Another idea is to add CONFIG_NOHZ_TICK_OFFLOAD as an experimental
feature.
> The complain about isolcpus is the immutable result. I'm thinking about
> making it modifiable to cpuset but I only see two possible solutions:
>
> - Make the root cpuset modifiable
> - Create a directory called "isolcpus" visible on the first cpuset mount
> and move all processes there.
So, if we move the control of the tick offload to nohz_full= itself,
we can completely ditch any isolcpus= change in this series.
I think this should give you a great relief :)

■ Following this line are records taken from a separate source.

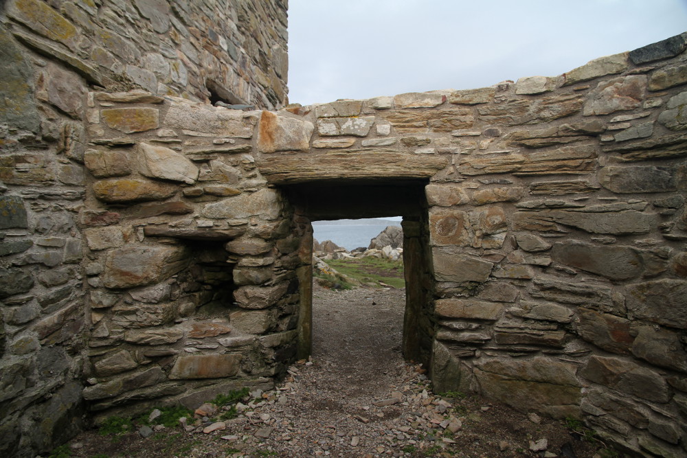 Carrickabraghy Castle is located about 10 km north from the village of Ballyliffin (on the northern tip of Pollan Strand) on Inishowen peninsula in County Donegal. The castle was built in 16th Century, probably by Gearalt O'Doherty who held the lordship of Inishowen at that time. The last Irish lord of this land and the castle was Cahir O’Doherty, who died in 1608. After his death Carrickabraghy Castle was apparently abandoned and it fell into decay. Thanks to a grant from the National Rural Development Programme Leader and collected funds from local charity events and private donators, the Carrickabraghy Restoration Society was able to complete the first phase of the work of conservation in December 2013, saving the castle from total collapse.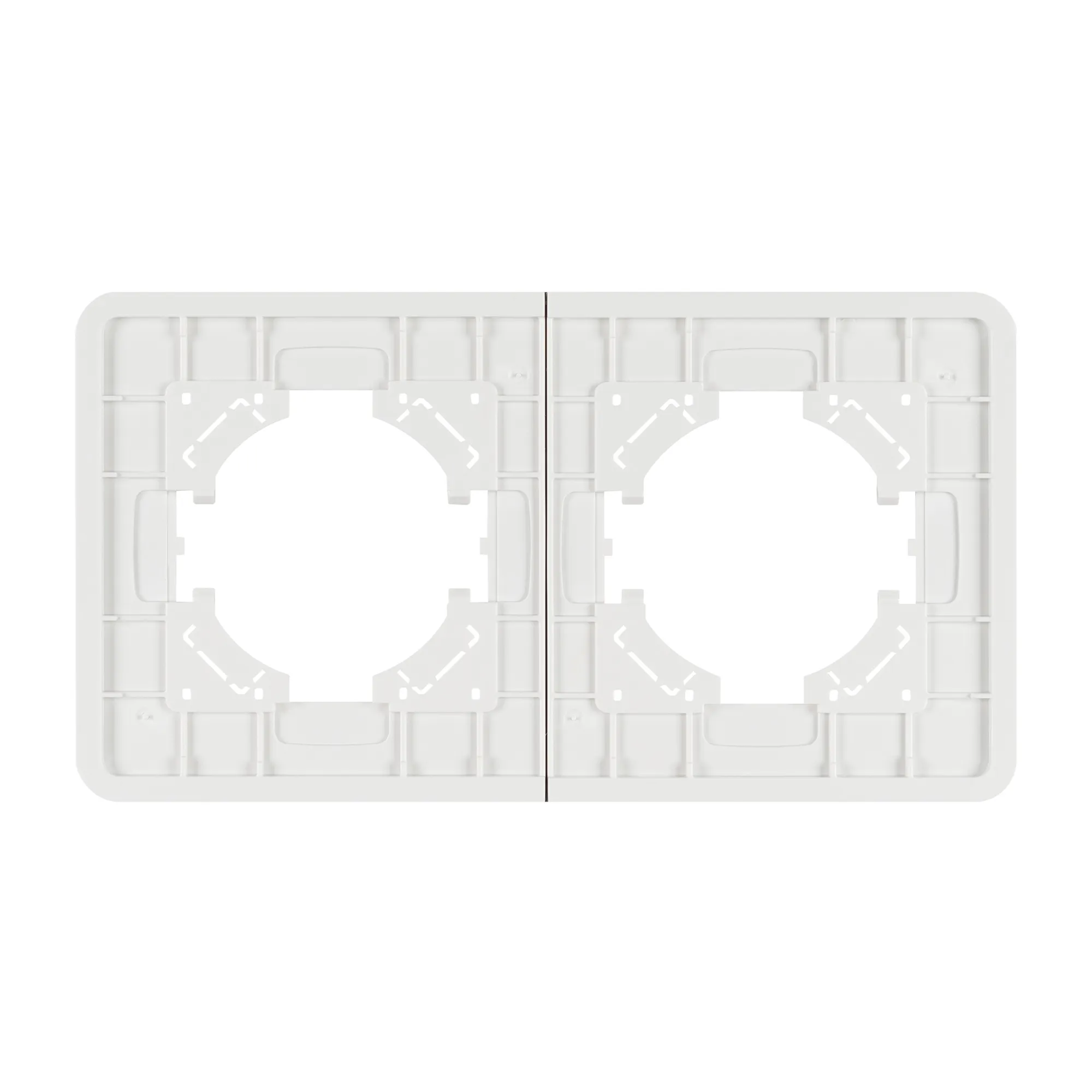 Рамка алюминиевая на 2 поста, под встраиваемый механизм. Цвет - серебристый. Среднего уровня герметичности IP20. Ориентация монтажа - горизонтальная (основным ориентиром служат посадочные выступы для накладки механизма).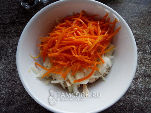 Добавить в миску к курице отжатый лук и остывшую морковь.

> > What about just adding the new functionality to nohz_full=? That is,
> > no new options, just make the tick go away since this has always been
> > what nohz_full= was intended to do?
>
> We can, or have isolcpus=nohz to do it, as both do almost the same.
>
> But I'm afraid about the overhead for people used to nohz_full= once
> they upgrade their kernels and see those workqueues once per second.
>
> We can still affine those workqueues (in fact the whole unbound workqueue
> mask) outside the nohz_full range. Still current users may be surprised
> about that new overhead on housekeeping CPUs...
>
On Tue, 16 Jan 2018 16:57:45 +0100
Frederic Weisbecker <[email protected]> wrote:
> On Fri, Jan 12, 2018 at 02:22:58PM -0500, Luiz Capitulino wrote:
> > On Thu, 4 Jan 2018 05:25:36 +0100
> > Frederic Weisbecker <[email protected]> wrote:
> >
> > > When a CPU runs in full dynticks mode, a 1Hz tick remains in order to
> > > keep the scheduler stats alive. However this residual tick is a burden
> > > for bare metal tasks that can't stand any interruption at all, or want
> > > to minimize them.
> > >
> > > Adding the boot parameter "isolcpus=nohz_offload" will now outsource
> > > these scheduler ticks to the global workqueue so that a housekeeping CPU
> > > handles that tick remotely.
> > >
> > > Note it's still up to the user to affine the global workqueues to the
> > > housekeeping CPUs through /sys/devices/virtual/workqueue/cpumask or
> > > domains isolation.
> > >
> > > Signed-off-by: Frederic Weisbecker <[email protected]>
> > > Cc: Chris Metcalf <[email protected]>
> > > Cc: Christoph Lameter <[email protected]>
> > > Cc: Luiz Capitulino <[email protected]>
> > > Cc: Mike Galbraith <[email protected]>
> > > Cc: Paul E. McKenney <[email protected]>
> > > Cc: Peter Zijlstra <[email protected]>
> > > Cc: Rik van Riel <[email protected]>
> > > Cc: Thomas Gleixner <[email protected]>
> > > Cc: Wanpeng Li <[email protected]>
> > > Cc: Ingo Molnar <[email protected]>
> > > ---
> > > kernel/sched/core.c | 88 ++++++++++++++++++++++++++++++++++++++++++++++--
> > > kernel/sched/isolation.c | 4 +++
> > > kernel/sched/sched.h | 2 ++
> > > 3 files changed, 91 insertions(+), 3 deletions(-)
> > >
> > > diff --git a/kernel/sched/core.c b/kernel/sched/core.c
> > > index d72d0e9..b964890 100644
> > > --- a/kernel/sched/core.c
> > > +++ b/kernel/sched/core.c
> > > @@ -3052,9 +3052,14 @@ void scheduler_tick(void)
> > > */
> > > u64 scheduler_tick_max_deferment(void)
> > > {
> > > - struct rq *rq = this_rq();
> > > - unsigned long next, now = READ_ONCE(jiffies);
> > > + struct rq *rq;
> > > + unsigned long next, now;
> > >
> > > + if (!housekeeping_cpu(smp_processor_id(), HK_FLAG_TICK_SCHED))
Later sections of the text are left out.